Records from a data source
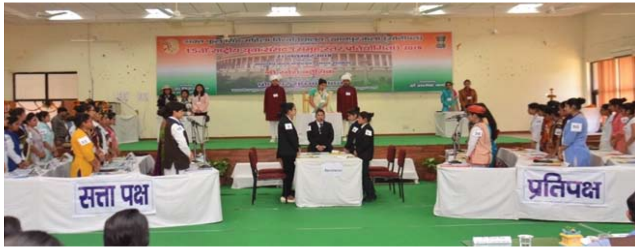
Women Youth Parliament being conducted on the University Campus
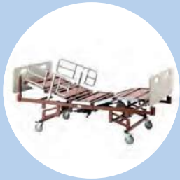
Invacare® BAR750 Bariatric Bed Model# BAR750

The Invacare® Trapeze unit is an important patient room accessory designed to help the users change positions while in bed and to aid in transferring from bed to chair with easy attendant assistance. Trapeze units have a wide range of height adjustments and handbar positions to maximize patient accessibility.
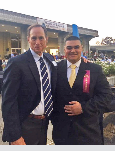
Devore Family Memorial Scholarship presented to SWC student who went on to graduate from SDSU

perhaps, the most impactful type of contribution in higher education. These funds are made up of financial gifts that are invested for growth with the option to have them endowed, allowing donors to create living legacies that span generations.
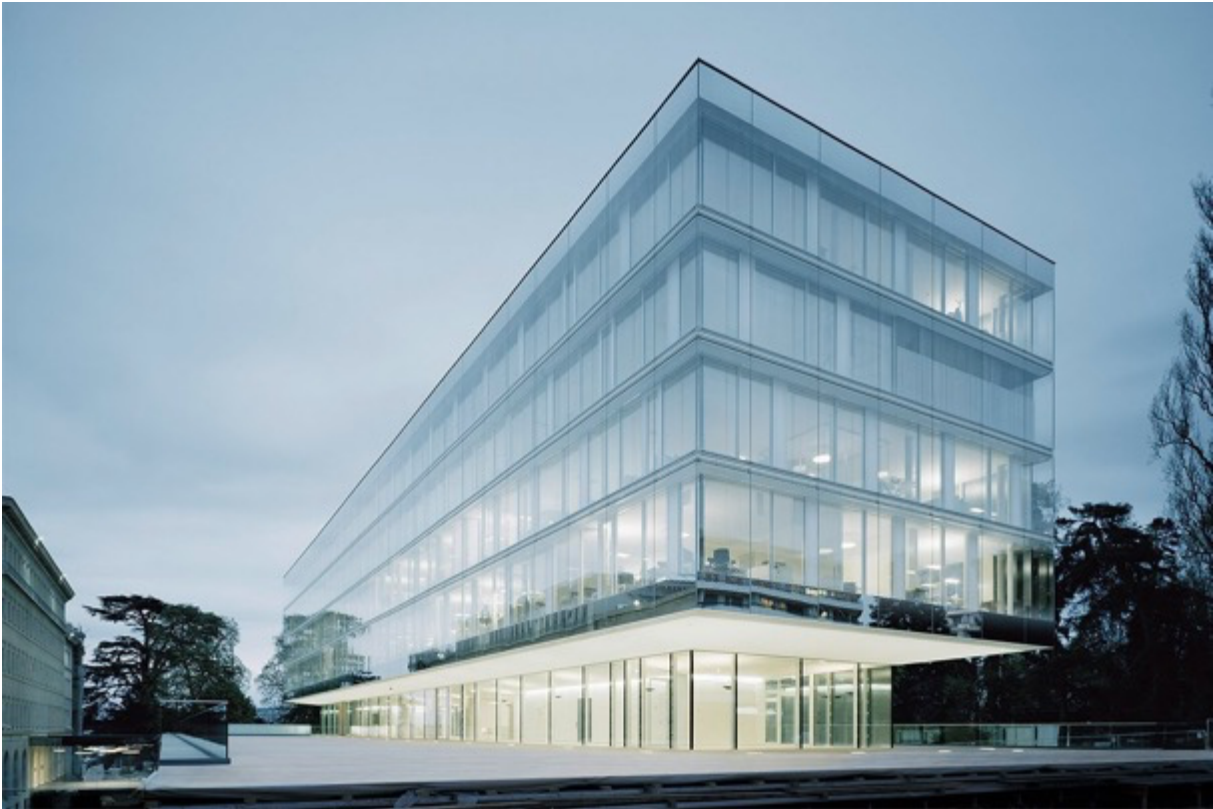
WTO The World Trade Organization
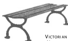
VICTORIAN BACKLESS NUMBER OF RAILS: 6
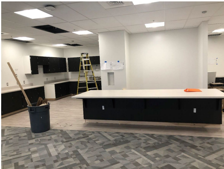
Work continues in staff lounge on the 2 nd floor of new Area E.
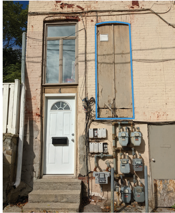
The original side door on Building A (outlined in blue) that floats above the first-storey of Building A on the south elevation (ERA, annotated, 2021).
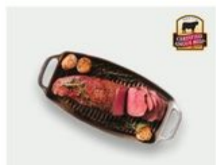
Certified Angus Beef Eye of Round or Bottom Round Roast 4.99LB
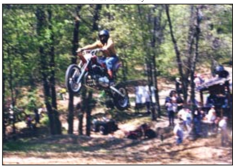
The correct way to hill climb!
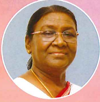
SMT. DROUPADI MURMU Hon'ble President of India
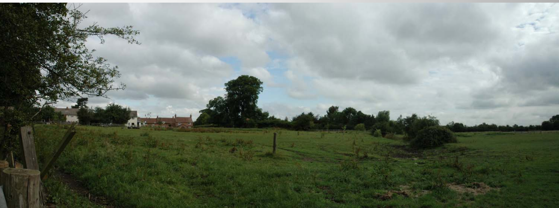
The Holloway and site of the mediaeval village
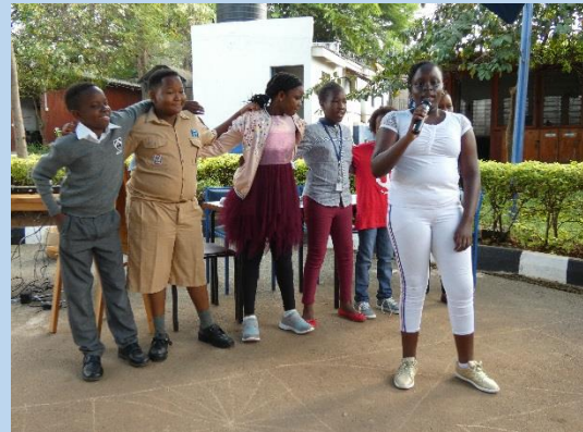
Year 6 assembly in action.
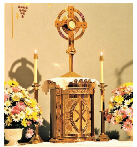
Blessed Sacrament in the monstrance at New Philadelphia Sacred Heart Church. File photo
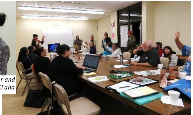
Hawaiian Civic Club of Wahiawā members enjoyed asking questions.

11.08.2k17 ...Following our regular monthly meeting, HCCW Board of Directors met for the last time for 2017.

• _Work instruction_
Give back exactly, and solely, the section of the data above bounded by the line containing "Work continues in" and the line containing "Year 6 assembly in action.", both bounding lines included and pictures omitted.

• _Result below_
Work continues in staff lounge on the 2 nd floor of new Area E.
The original side door on Building A (outlined in blue) that floats above the first-storey of Building A on the south elevation (ERA, annotated, 2021).
Certified Angus Beef Eye of Round or Bottom Round Roast 4.99LB
The correct way to hill climb!
SMT. DROUPADI MURMU Hon'ble President of India
The Holloway and site of the mediaeval village
Year 6 assembly in action.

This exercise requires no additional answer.